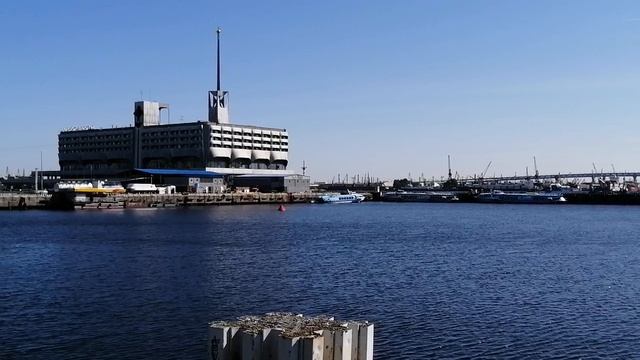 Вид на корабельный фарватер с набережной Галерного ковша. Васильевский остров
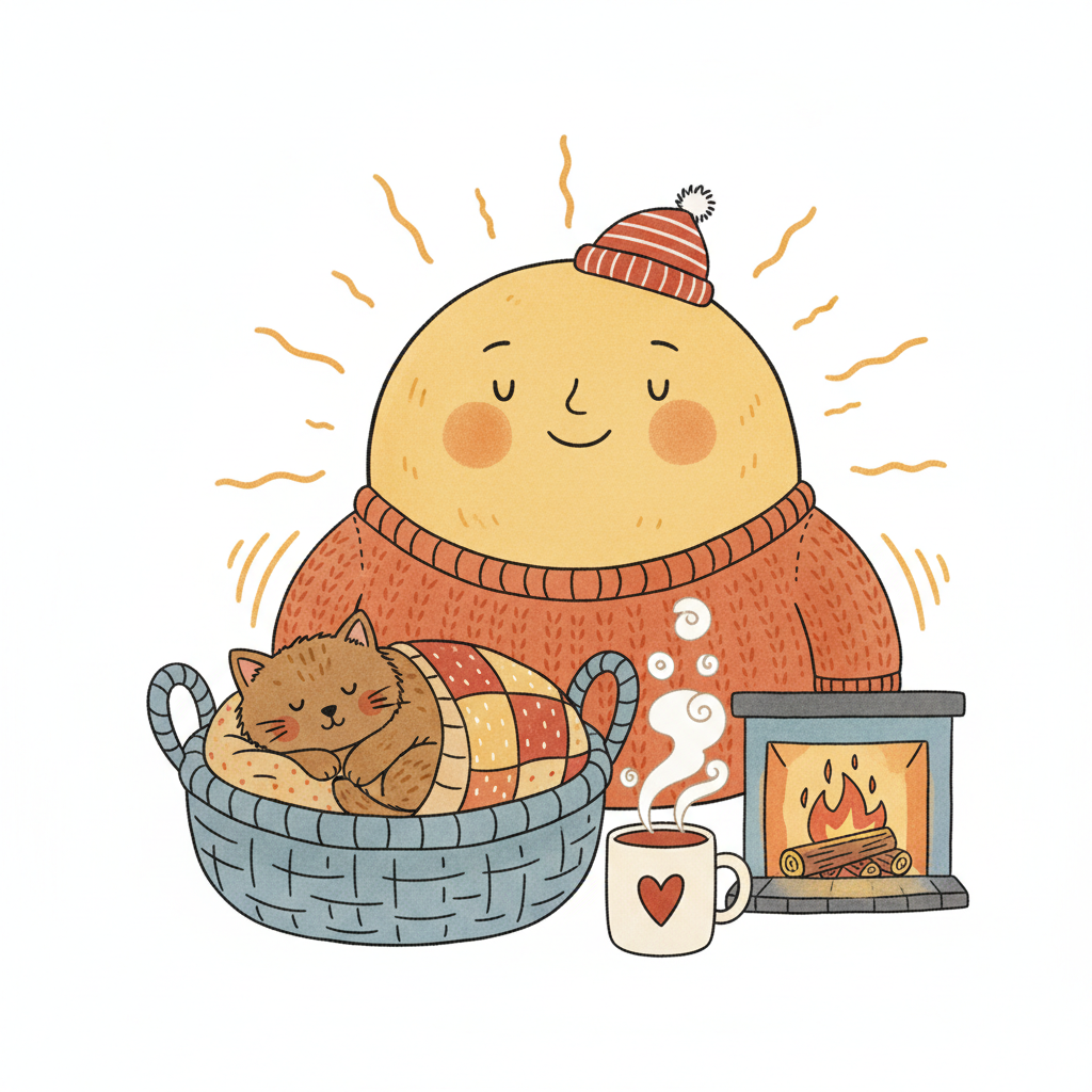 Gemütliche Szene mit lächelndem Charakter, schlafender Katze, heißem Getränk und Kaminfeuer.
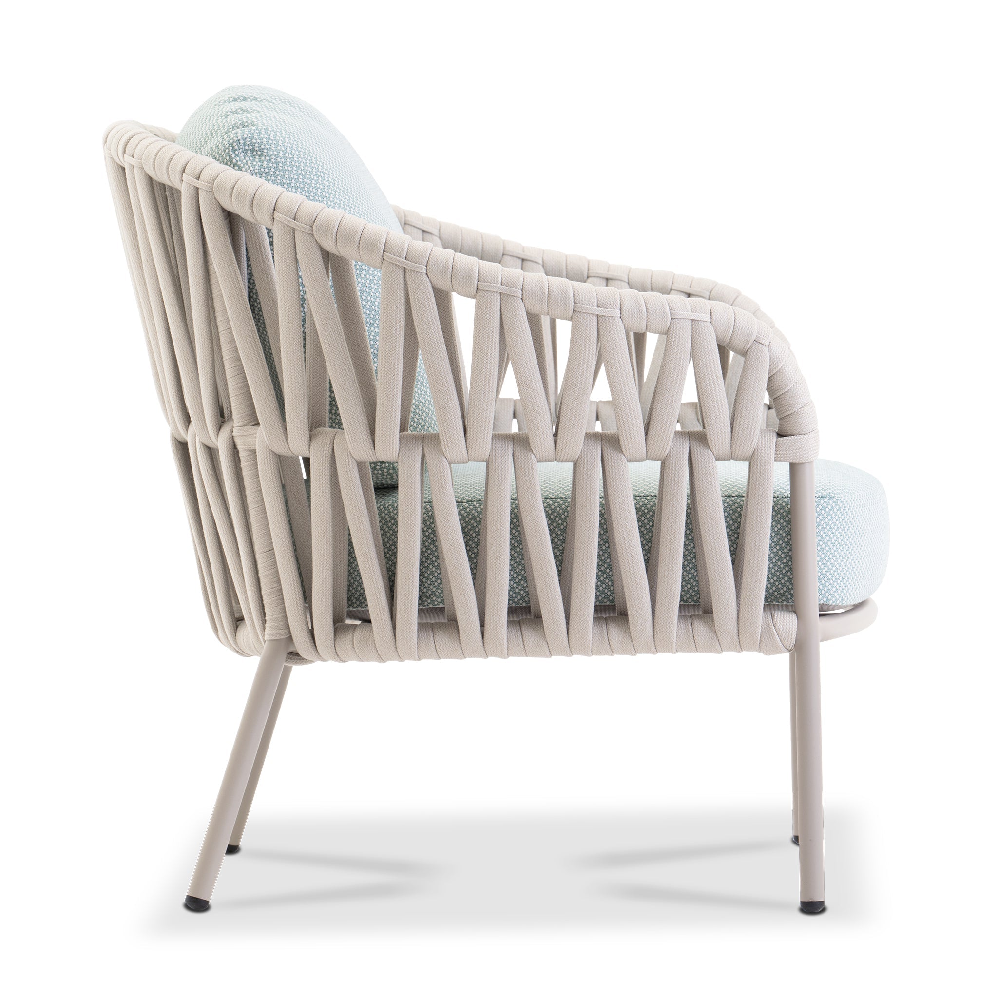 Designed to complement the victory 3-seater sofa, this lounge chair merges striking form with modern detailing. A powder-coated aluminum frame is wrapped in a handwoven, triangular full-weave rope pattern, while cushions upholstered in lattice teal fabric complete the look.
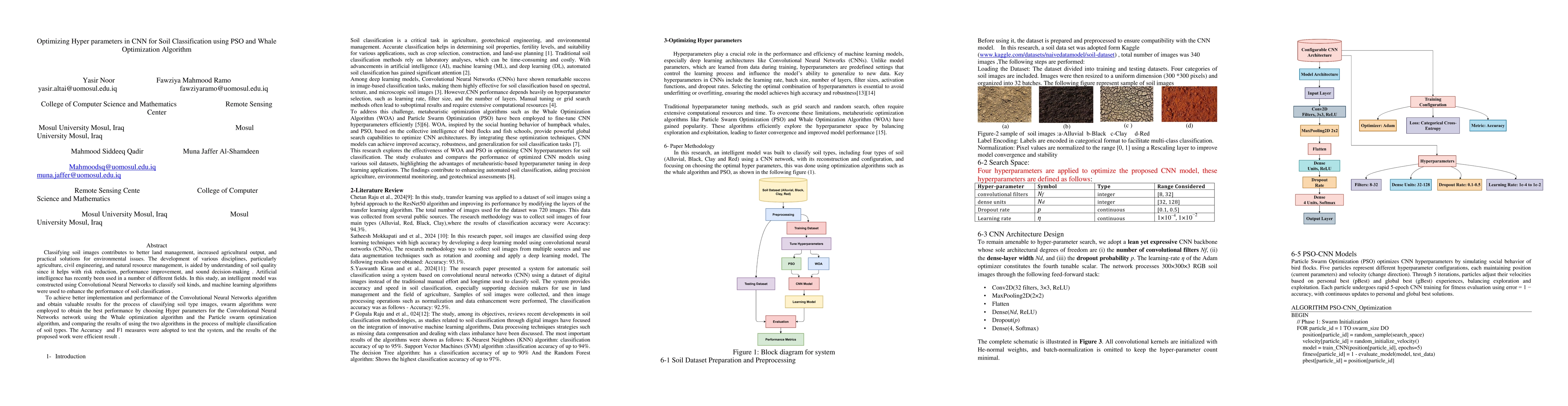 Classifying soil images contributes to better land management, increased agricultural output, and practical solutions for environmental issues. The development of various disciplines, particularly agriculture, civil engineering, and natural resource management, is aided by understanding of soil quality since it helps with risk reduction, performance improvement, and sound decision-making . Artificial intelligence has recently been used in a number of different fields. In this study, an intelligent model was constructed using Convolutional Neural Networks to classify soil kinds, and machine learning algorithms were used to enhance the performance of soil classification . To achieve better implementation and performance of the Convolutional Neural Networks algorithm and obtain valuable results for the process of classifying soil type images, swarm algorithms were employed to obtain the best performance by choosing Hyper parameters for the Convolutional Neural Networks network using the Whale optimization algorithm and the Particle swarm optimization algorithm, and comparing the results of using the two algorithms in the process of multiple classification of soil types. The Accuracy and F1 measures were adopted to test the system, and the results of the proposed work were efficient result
• • •
Starting with the first line of the material, print each line exactly until you have printed the line with "Gemütliche Szene mit", and skip the pictures.

§ **ANSWER BOX**
 Вид на корабельный фарватер с набережной Галерного ковша. Васильевский остров
 Gemütliche Szene mit lächelndem Charakter, schlafender Katze, heißem Getränk und Kaminfeuer.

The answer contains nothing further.